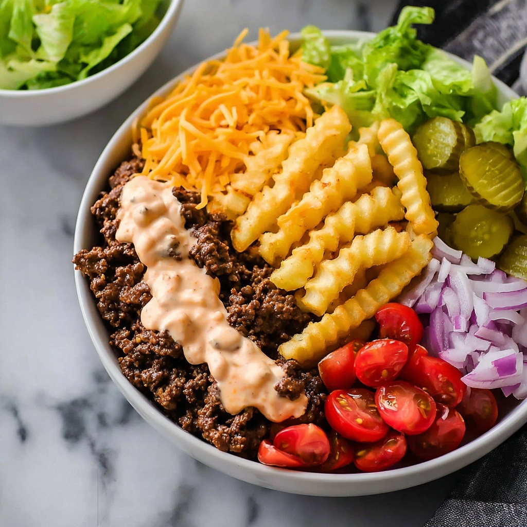 A delicious and easy-to-make cheeseburger bowl recipe featuring seasoned ground beef, fresh veggies, shredded cheddar, and a creamy copycat Big Mac sauce. Perfect for a low-carb meal that packs all the flavors of a classic cheeseburger without the bun.
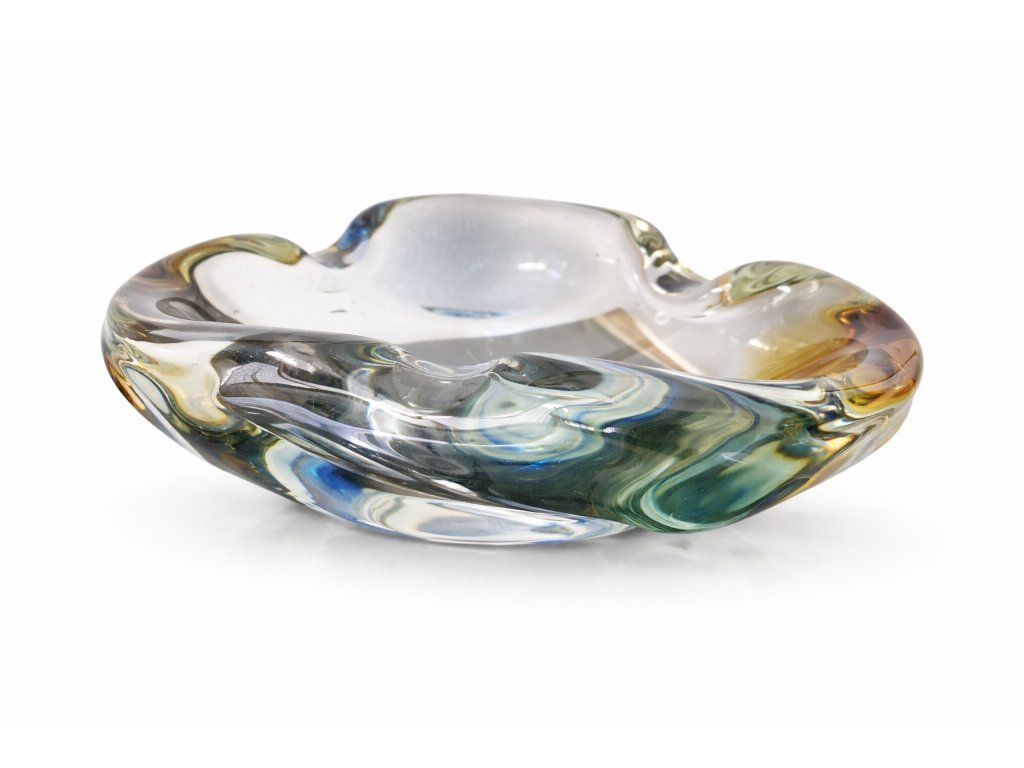 Krásná masivní mísa z hutního skla z kolekce RHAPSODY dle autorského návrhu Františka Zemka, sklárna Mstišov, r. 1958. Výška 8 cm, délka 24 cm. 100% TOP stav. Má hodně tlusté stěny, je to krásný málo vídaný typ z této kolekce.
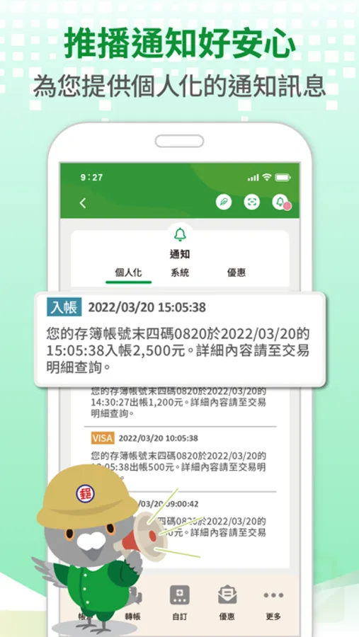 一、 推播通知:推播通知好安心,為你提供個人化且即時的通知訊息。
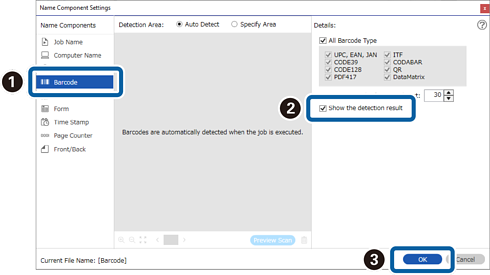 5على شاشة إعدادات مكونات الاسم، حدد الرمز الشريطي أو OCR وفقًا لمحتويات اسم الملف الذي ترغب في تعيينه، وحدد إظهار نتيجة الكشف، ومن ثمّ انقر فوق موافق.
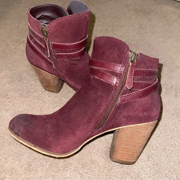 Stylish leather belts wrap the ankle of a trend-right bootie shaped from buttery-soft suede and lift... Show more
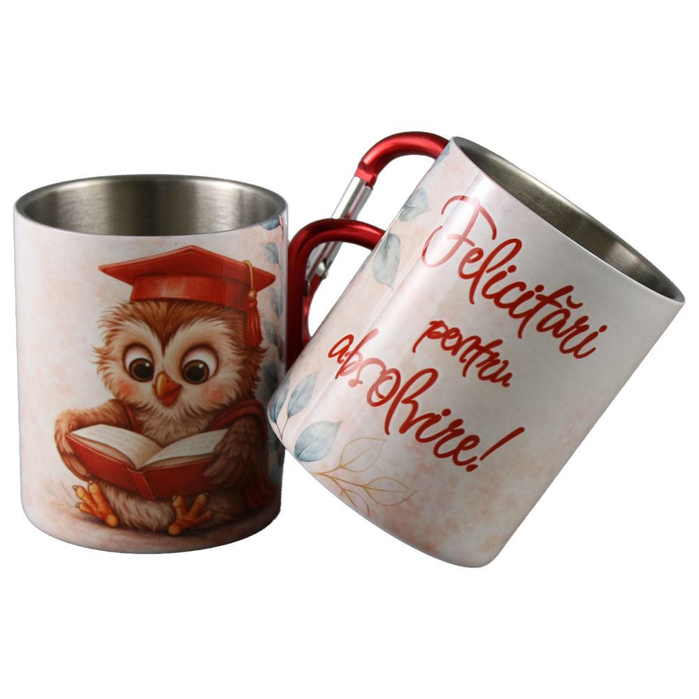 Cana metalica cu carabina „Felicitari pentru Absolvire!” 240 ml, Bufnita rosie
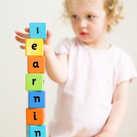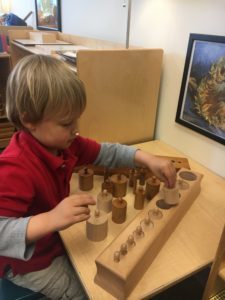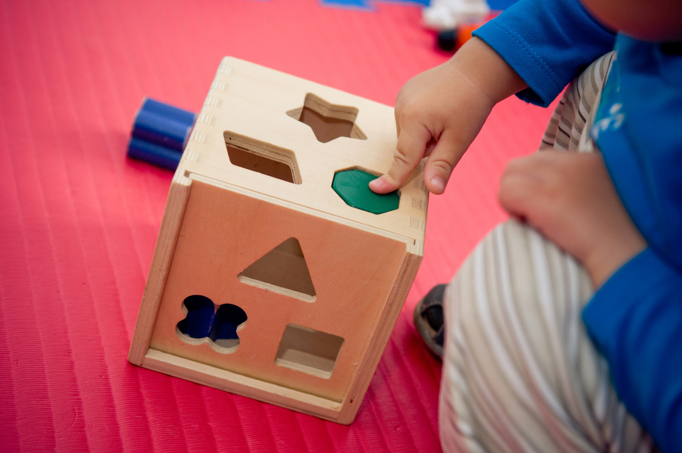 2) Child matches circles, squares, triangles, and manipulates objects into small openings (shape sorter)
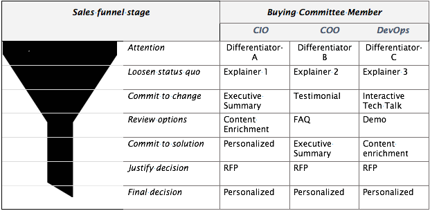 The table below is adapted from an excellent article, What’s a Successful ABM Strategy Without Killer Content?, by content marketing consultant Rebecca Smith of Heinz Marketing. It’s designed to put help marketers develop a content strategy for account-based marketing. I’ve adapted this model to show how different kinds of tactical video might serve to advance the kind of buyer’s journey typically encountered in technology businesses.
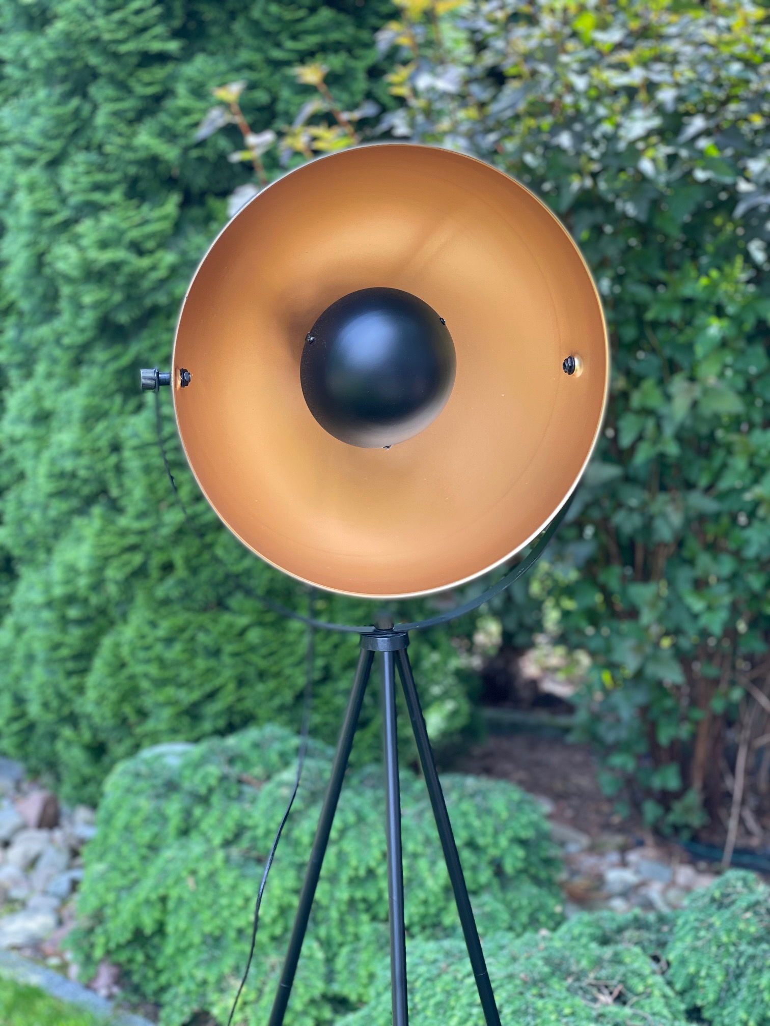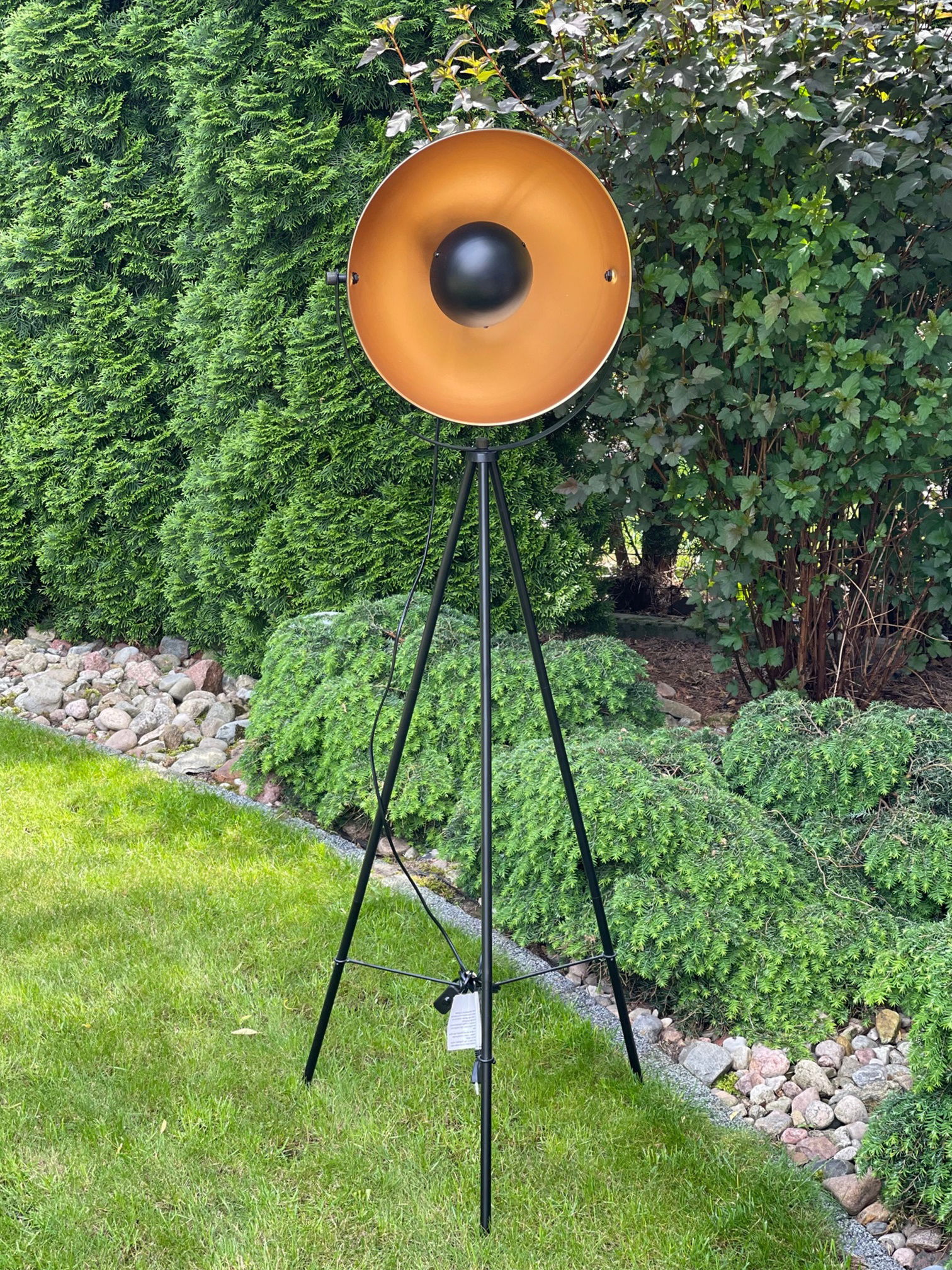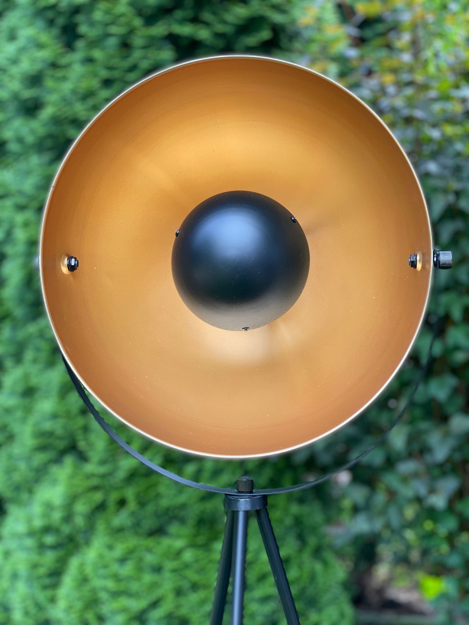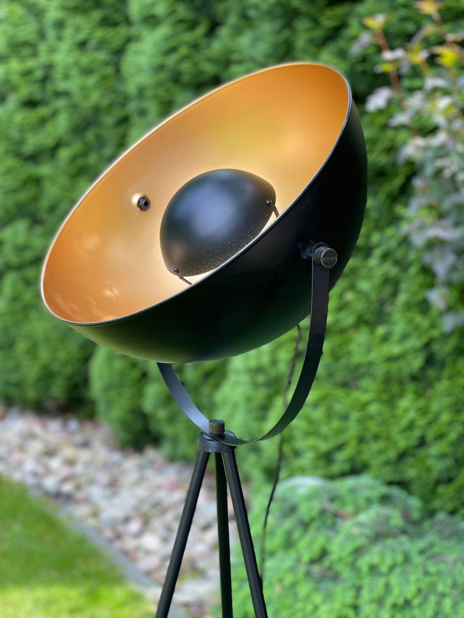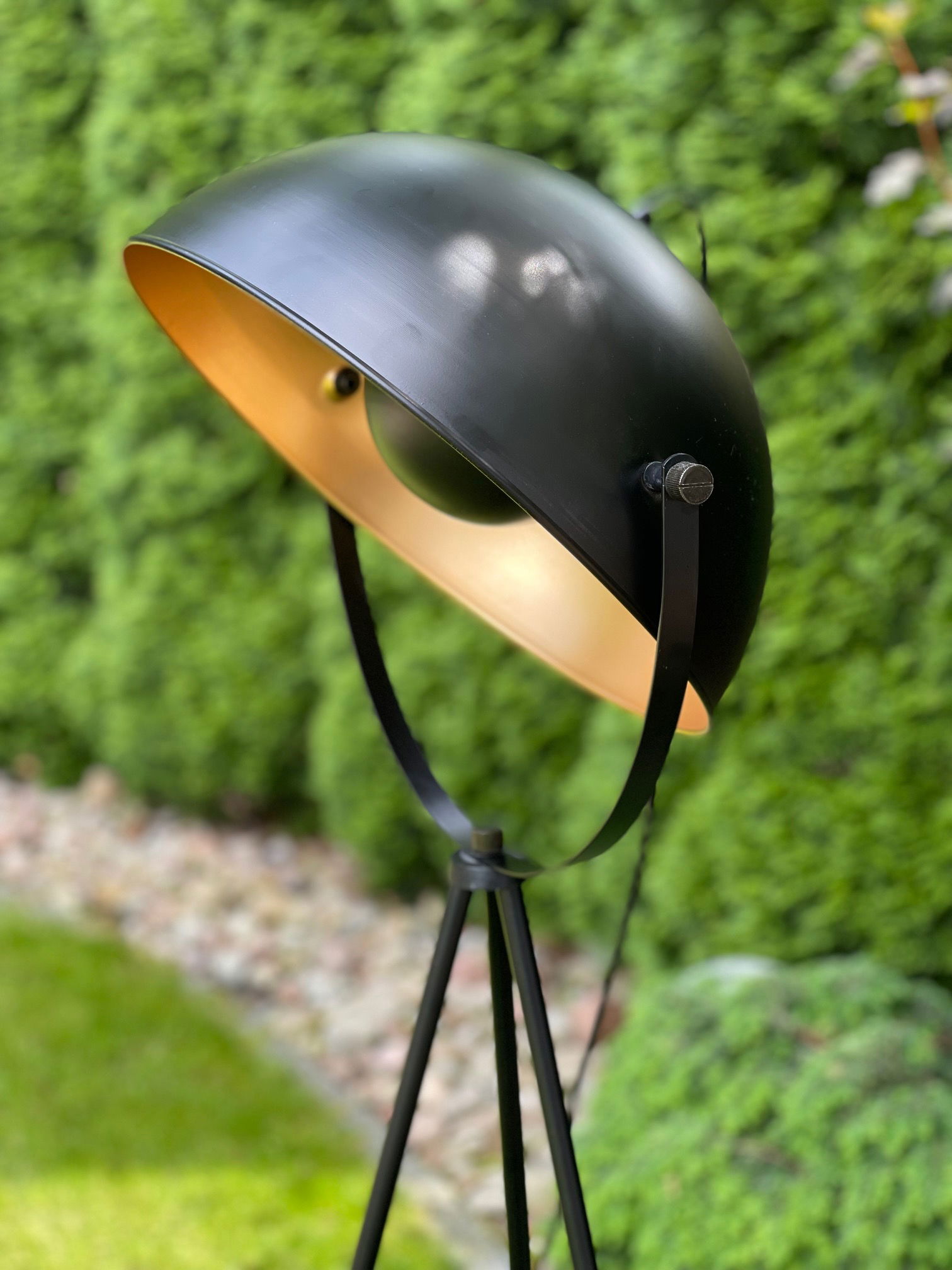 Model lampy z 3 nogami tzw. trójnóg wykonany z metalu. Klosz lampy metalowy ze złotym wnętrzem co zapewnia niepowtarzalny efekt ciepłego i nastrojowego światła.
··········
▶ [What is required]:
What is needed is an exact retyping of the lines from the start of the data through the line with "2) Child matches", with both end lines kept and every picture left out.

▶ [Response to this exercise]:
 A delicious and easy-to-make cheeseburger bowl recipe featuring seasoned ground beef, fresh veggies, shredded cheddar, and a creamy copycat Big Mac sauce. Perfect for a low-carb meal that packs all the flavors of a classic cheeseburger without the bun.
 Krásná masivní mísa z hutního skla z kolekce RHAPSODY dle autorského návrhu Františka Zemka, sklárna Mstišov, r. 1958. Výška 8 cm, délka 24 cm. 100% TOP stav. Má hodně tlusté stěny, je to krásný málo vídaný typ z této kolekce.
 一、 推播通知:推播通知好安心,為你提供個人化且即時的通知訊息。
 5على شاشة إعدادات مكونات الاسم، حدد الرمز الشريطي أو OCR وفقًا لمحتويات اسم الملف الذي ترغب في تعيينه، وحدد إظهار نتيجة الكشف، ومن ثمّ انقر فوق موافق.
 Stylish leather belts wrap the ankle of a trend-right bootie shaped from buttery-soft suede and lift... Show more
 Cana metalica cu carabina „Felicitari pentru Absolvire!” 240 ml, Bufnita rosie
 2) Child matches circles, squares, triangles, and manipulates objects into small openings (shape sorter)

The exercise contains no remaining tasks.